I swear to god... What Claude Code version introduced this "system reminder"?

They had obnoxious "output efficiency" instructions in previous versions. The community was patching it out via shell script.

https://gist.github.com/roman01la/483d1db15043018096ac3babf5...

It actually improved Opus's performance too.

A few days later, they deleted the instructions targeted by this script, breaking it.

Now they're doing this?

Rekindle8090 · 2026-04-15T01:30:26 1776216626

The problem is without a platform Anthropic has no stack and will just be bought up by Google when the bubble pops. Same with OpenAI, without some sort of moat, their product requires third party hardware in third party datacenters and they'll be bought by Microsoft.

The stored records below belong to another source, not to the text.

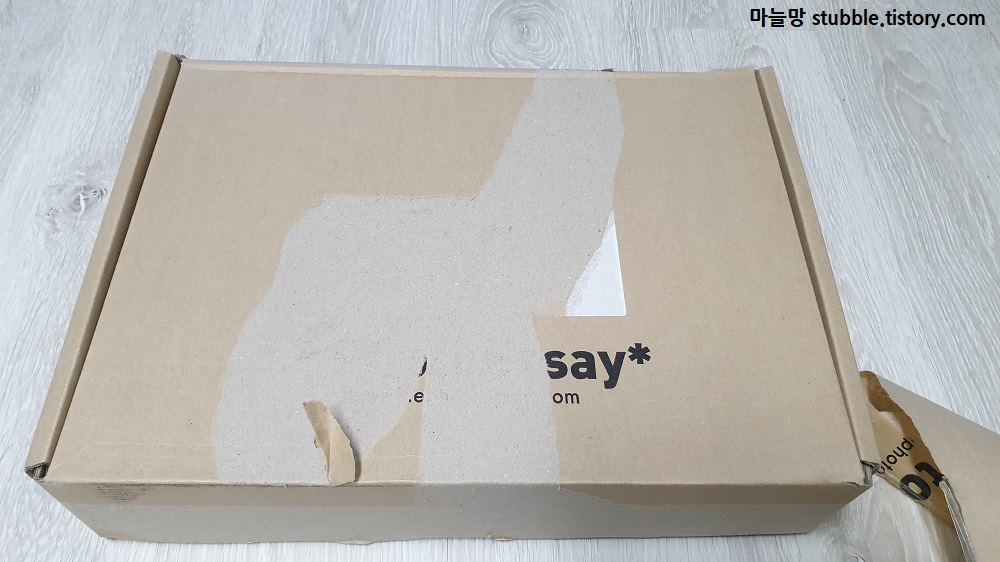 며칠 전에 스튜디오에서 택배비 4천 원 붙여달라고 연락 온 게 있어서 조만간 웨딩촬영 앨범이 올 것 같았는데, 그날이 오늘이었어요. 외부에 나갔다가 들어왔는데 문 앞에 딱! '나 웨딩앨범이오' 하고 누워있는 커다란 택배 상자를 발견했어요.
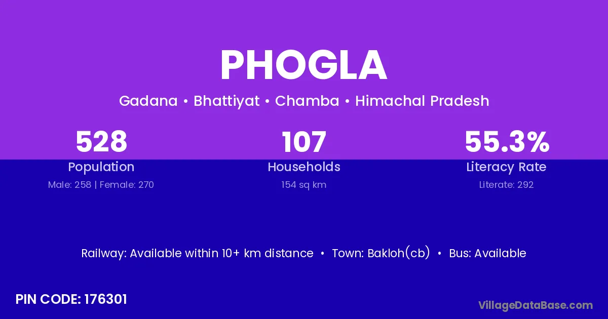 Bakloh(cb) is the nearest town to Phogla village for major economic activities
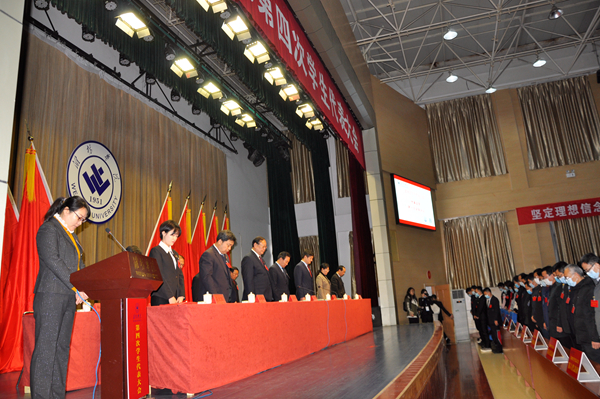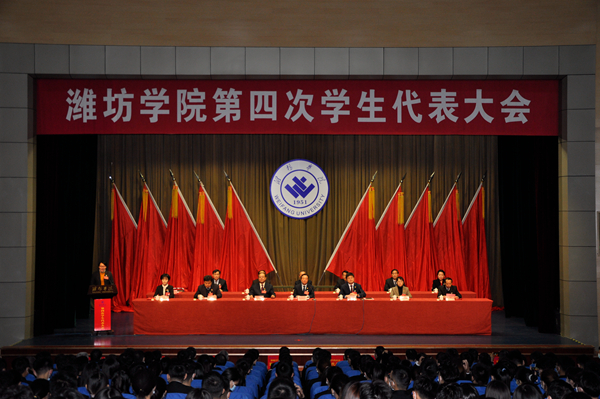 本网讯 12月13日,潍坊学院第四次学生代表大会在图书馆报告厅召开。学校党委书记李东、校长冯滨鲁、党委副书记王清明、副校长丁子信、潍坊团市委书记赵中国、潍坊团市委学少部部长王海燕出席开幕式。学校有关部门负责同志,各学院党总支书记、副书记,各学院团总支书记、副书记应邀出席开幕式。大会正式代表、列席代表和部分学生,共计300余人参加了大会。
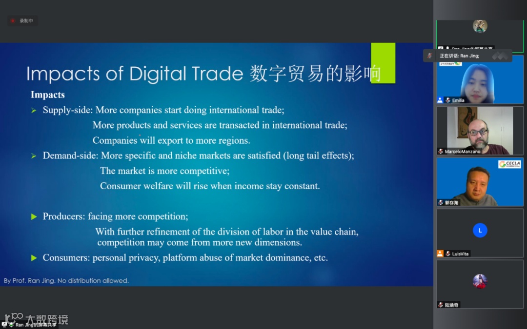 2021年11月11日,“中巴数字对话”系列第三讲由对外经贸大学经济贸易学院国际贸易系主任荆然教授主讲。她聚焦“数字贸易的兴起与中国”,重点分析数字贸易的发展及其带来的影响。荆然教授结合其自身的专业背景,从国际贸易的角度出发,向中国与巴西观众讲述数字贸易的概念。她指出,数字贸易是 “以数字方式订购”和“以数字方式交付”两大模式组成的国际贸易。随后,荆然教授讲述贸易方式的数字化趋势。她指出,在传统服务业中,消费和提供服务的过程处于同一时间、同一地点。时间的同一性使服务不具有可存储性,而地点的同一性则表明不具有可运输性。但数字化的发展改变了传统的服务方式,使得服务具有可存储性,例如在线教育的兴起与发展。通过通信技术传输,使得服务行业具有可移动性,例如远程医疗的发展。信息技术的发展同时也使新的交易对象成为可能,生产要素、产出或服务越来越多地以数字形式呈现出来。此外,在传统国际贸易的各个方面,如市场营销、签约、物流、清关、售后服务,都呈现数字化趋势。网络展览、数字海关、海外仓库、网上支付结算、网上财税服务等新业态、新模式也不断涌现。近年来,由于跨境电商的蓬勃发展,网上推广、网上零售、移动支付等跨境销售模式愈来愈普遍,也是数字经济不断发展的体现。
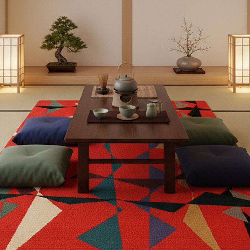 This modern rug, Abstract, was inspired by Japanese art images while working on a design project for a Japanese company. It also pays homage to Henri Matisse’s paper cut-out period and the Japanese paper folding craft or origami.
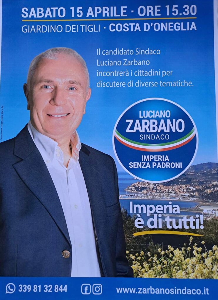 “Sto raccogliendo numerose istanze da parte dei miei concittadini, quando sarò sindaco metterò anima e corpo per non deluderli. Vi aspetto domani a Costa d’Oneglia, frazione che vive grazie ai residenti e all’impegno del Circolo Manuel Belgrano”. Conclude Luciano Zarbano.
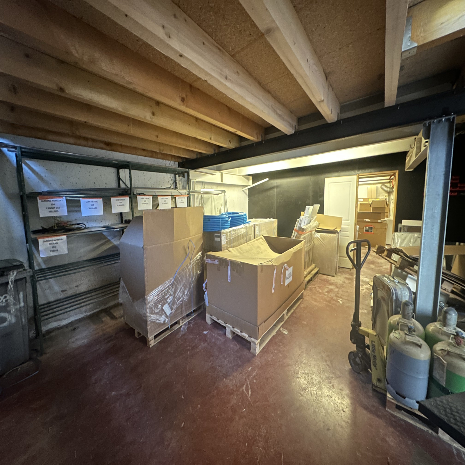 D'une superficie de 800 mètres carrés, ce bien comprend deux espaces d'entreposage, un vestiaire, des espaces bureaux et un appartement de fonction avec entrée indépendante.
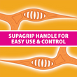 - Bigger, ribbed handle: non-slip grip and longer handle make it easier to reach back teeth.
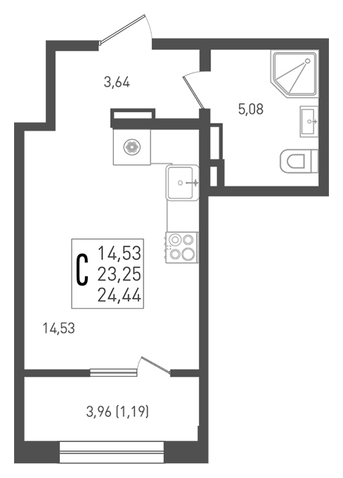 | студия | 24.16 / 14.53 м² | от 3 802 784 руб. (157 400 руб./м²) | Планировка | |
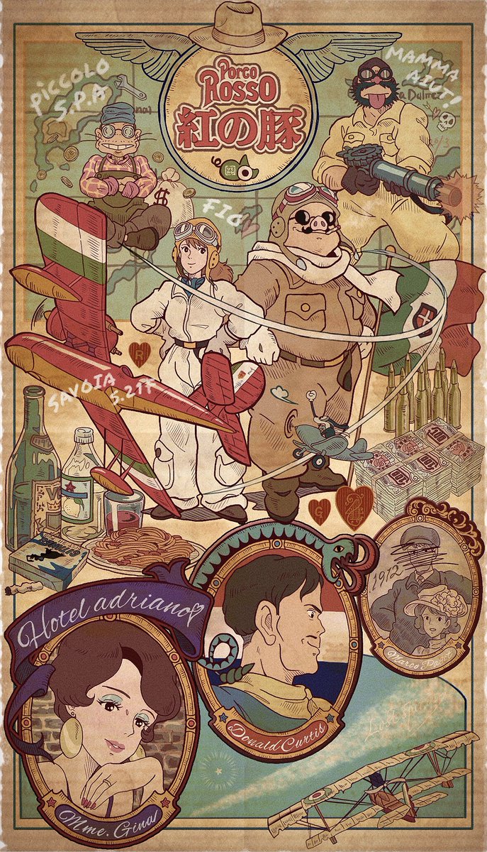 紅の豚は今年で30周年記念ですね‼️🐷💐🌟 ヴィンテージポスター風に描いてみました🥰 浪漫がたくさん詰まった紅の豚が大好きだ〜!!!;;////❤️❤️❤️ #紅の豚 #ジブリファンアート
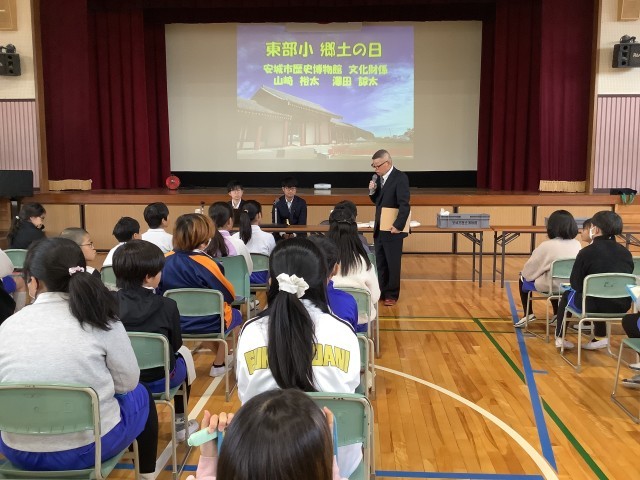 郷土の日の事前授業として、歴史博物館の学芸員さんに東部小学区にあるお寺や遺跡について教えていただきました。
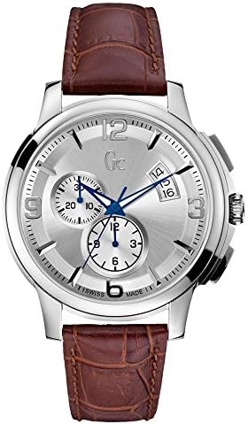 Gc mens watch. Silver stainless steel case Silver dial. Swiss Quartz movement. Deployment Buckle closure. Water resistance of 100 meters.
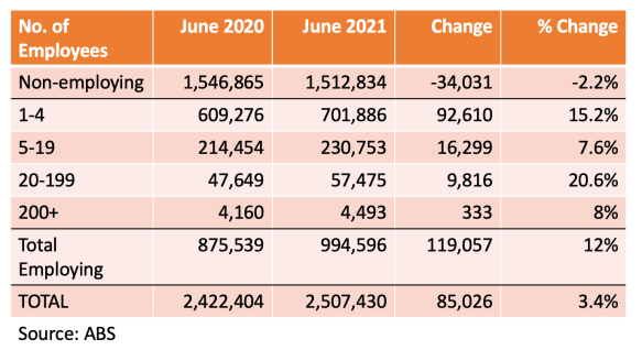 I would expect to see bankruptcy numbers to rise – especially among sole-proprietors and SMEs (the latter of whom, in aggregate, account for the bulk of employment by headcount). This is always a lag economic indicator, given the time it takes for insolvencies and liquidations to work through the system. Despite the overall increase in the number of business in 2020-21 (see table below), 93.0% of businesses had turnover of less than $2 million, and 28.7% of businesses had turnover of less than $50,000. There was a 12.5% increase in businesses with turnover of less than $50,000, and only a 0.5% increase in businesses with turnover of $5 million to $10 million and $10 million or more. Given that 81.7% of exiting businesses had turnover of less than $200,000, there is a likelihood that more businesses will go under. This period is going to be especially challenging for sole traders and SME owners who typically mortgage their principal home to fund their business. The next ABS business entry/exit report in August will be very interesting.
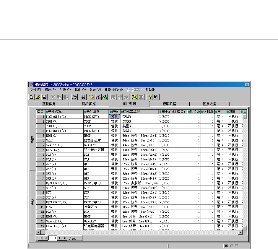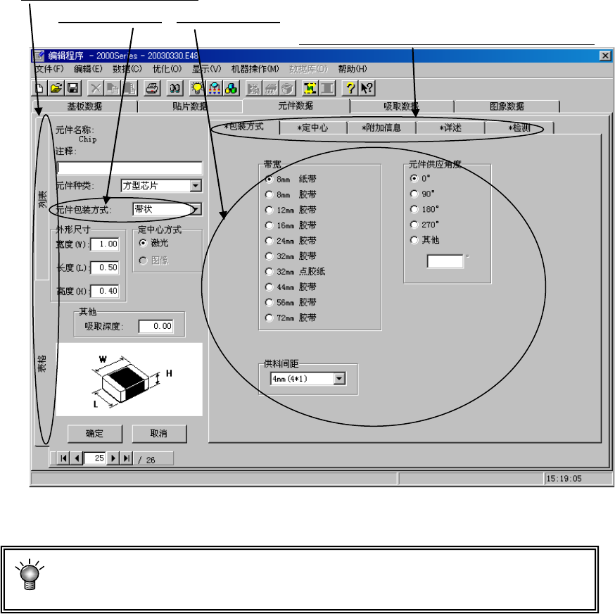第 1 部 基本篇 第 4 章 制作生产程序 从列表画面中选择 元件名 ( 双击 ) 后,将显示所选择 元件数据的表 格画面,此时,可进 行元件 数据的制作和编 辑。 表格显示 画面由基本部 分与包装方 式、定中心、附加 信息、详述、 检查部分构成, 1 个元件数 据显示为 一个画面。 表格与列表画面 的切换标签 如选择包装方式 , 则显 示该项目。 此处的选择项目 的内容显示在下面的 区域内。 图 4-3-5-1-2 元件数 据表格画…
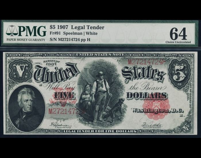 One 1907 $5 Legal Tender Note PMG 64.
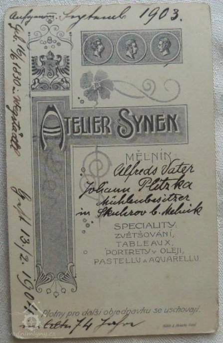 V roce 1930 byl majitelem mlýna František Vaina, který byl manželem dcery J. Plicky Emilie. V manželství se narodily již dříve dvě děti František a Marie. František Vaina se stal právníkem, Marie vystudovala obchodní školu , stala se manželkou advokáta Dlabače, jemuž patřila vila Karola na Mělníku.
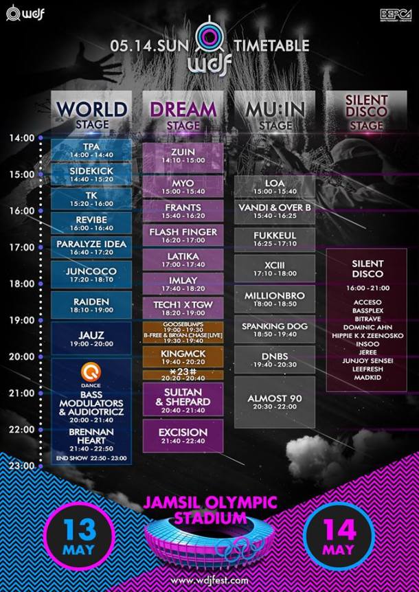The schedule and lineup for Seoul DJ World Festival 2017 (Source: http://wdjfest.com/)
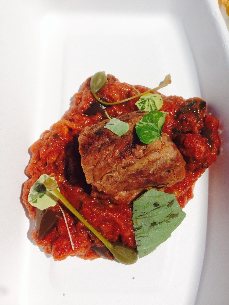 I was served a crisp, deep fried courgette flower stuffed with tomino cheese with just the right amount of texture and subtlety to not overpower the delicate taste of the flower. This was served with a beetroot and grapemust ketchup with a lovely sweetness that was suited to the deep fried flavor of the courgette flower.

Alphabet doesn't have this issue. Google doesn't need Gemini to win the "AI product" race. It needs Gemini to make Search better at retaining users against Perplexity and ChatGPT search, to make YouTube recommendations and ad targeting more effective, to make Workspace stickier for enterprise customers, to make Cloud more competitive against AWS, to make Android more useful as a device OS. Every percentage point improvement in any of those existing businesses generates billions in revenue that never shows up on a "Gemini revenue". Any actual "Gemini" revenue is just a bonus.

Anthropic trains on Google TPUs hosted in Google Cloud. Amazon invested billions and hosts Anthropic's models on Bedrock/AWS. So the two possible outcomes for Anthropic are: succeed as a platform (in which case Google and Amazon extract rent from every inference and training run), or fail as a platform and get acquired (in which case Google or Amazon absorb the talent and IP directly)

Hilariously, if the models were open source, Anthropic, OpenAI et al wouldn't be in this situation. Instead, they have no strategic independence to cover for a lack of product independence and have to keep chasing "platforms" and throwing out products no one needs (people need claude. thats it.)

benrapscallion · 2026-04-16T11:26:46 1776338806

If this is so, why do I find (for scientific research on biomedicine topics, primarily) that Claude’s results are much better than say Gemini’s? I hear the same opinion from others in biotech and big pharma.